The Blackstone Group, an investment firm that has bought and sold a string of lodging chains in recent years, has shaken up the somnambulant car-rental industry by purchasing every rental station in the United States. In a transaction valued at $89,000, Blackstone purchased Hertz, the nation's largest rental firm; the Avis Budget Group; the Dollar Thrifty Automotive Group; Vanguard Car Rental, which controls the National and Alamo brands; and dozens of other smaller chains such as Advantage. "We don't believe the fact that we own every car-rental outlet in the nation will change the service that customers receive," said a Blackstone executive. "After all, car-rental companies have been moving the same 11 Ford Focuses, 22 Lincoln Town Cars, six Dodge Caravans and three Cadillac Escalades around the country for years. We think that we can do it more efficiently if all the car-rental brands were under common management."
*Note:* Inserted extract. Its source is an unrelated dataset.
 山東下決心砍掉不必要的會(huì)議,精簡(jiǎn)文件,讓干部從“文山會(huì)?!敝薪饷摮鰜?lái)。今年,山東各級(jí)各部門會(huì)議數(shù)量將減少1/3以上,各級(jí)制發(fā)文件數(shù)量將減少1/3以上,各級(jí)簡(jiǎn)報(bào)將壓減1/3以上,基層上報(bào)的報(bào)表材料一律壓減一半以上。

Faced with chronically delayed flights and high lost-luggage rates, Delta's commuter carriers this week officially abandoned published schedules. The commuter lines, which operate as the Delta Connection, said that they have collectively adopted the policy of flying whenever they damn well feel like it. "This is actually how we've operated for some time now and we think that it is wise to bring customer perceptions in line with the reality of running commuter airlines," said an executive of Comair, the Delta Connection carrier owned by Delta. "We urge customers to come to the airport and immediately go to the gate for their flight. The plane will leave whenever we think it's appropriate. When passengers arrive at their next airport, uniformed Delta agents will meet them at the gate to explain which connecting flights they've missed and what day they can be reaccommodated."
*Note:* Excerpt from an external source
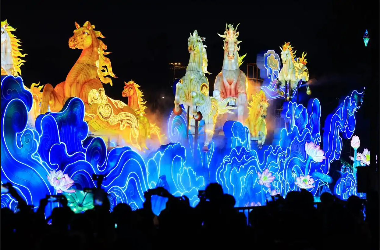 광주: 1월 30일, ‘만마분등’(万马奔腾) 등롱이 전시된 2026 광주 설맞이 등불축제가 월수공원에서 개막되였다.
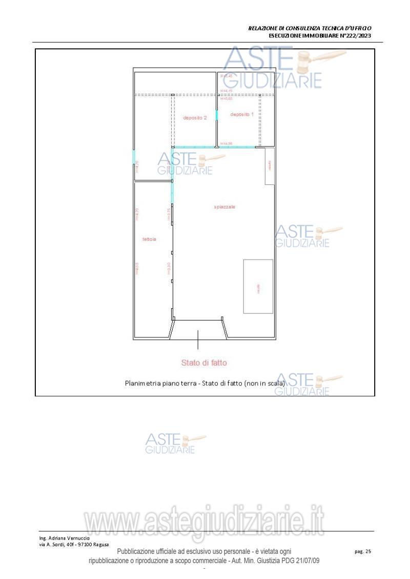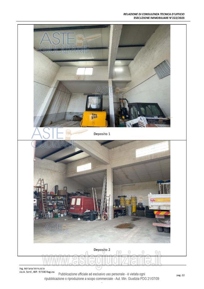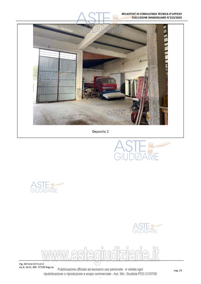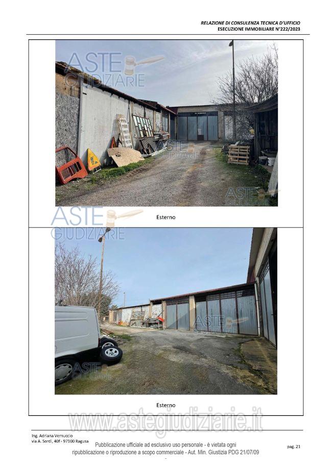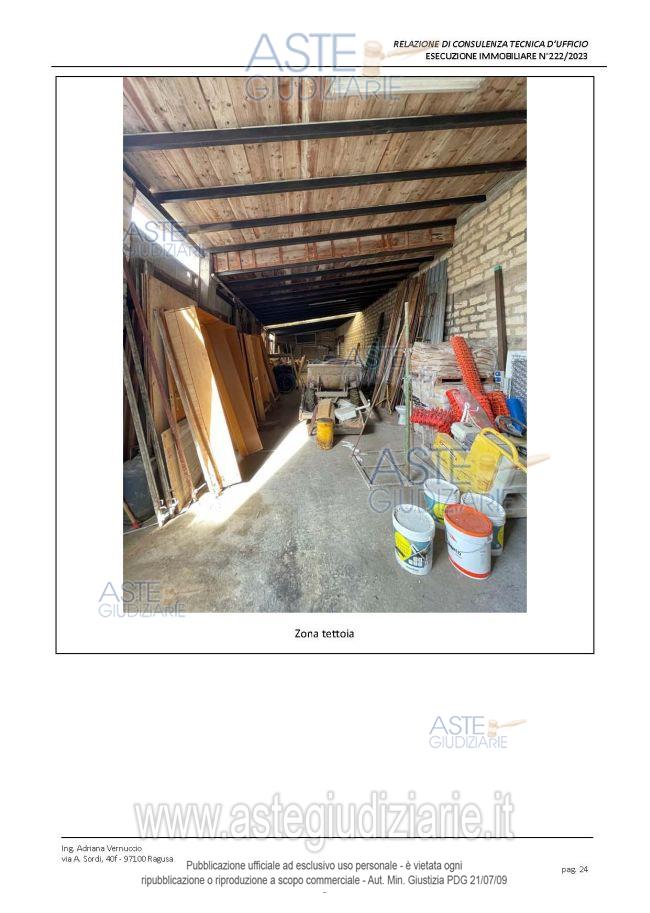 Vendita all'asta Senza incanto, con gara telematica sincrona mista - LOTTO 2: Tettoia adibita a ricovero attrezzi di circa 426 metri quadrati. Prezzo base € 27.844,00 (offerta minima € 20.883,00). Data vendita 22/04/2026 ore 16:00. Giudice Carlo Di Cataldo. Professionista delegato alla vendita Dott. Epifanio Massimo Bua - Email "epifaniobua@yahoo.it". Custode Giudiziario Dott. Epifanio Massimo Bua - Email "epifaniobua@yahoo.it". Rif. Tribunale di Ragusa - Espropriazione immobiliare (cartabia) n. 222/2023

Remember when the State Department issued a travel warning urging Americans to defer unnecessary travel in the United States and Northwest Airlines did a code-share deal with Greyhound? It didn't happen, but I considered it in a column called When News Breaks, We Fix It. Or how about when Starbucks bought United and US Airways sold all of its planes? That never happened, either, but I covered it in a column called Christmas Cheer.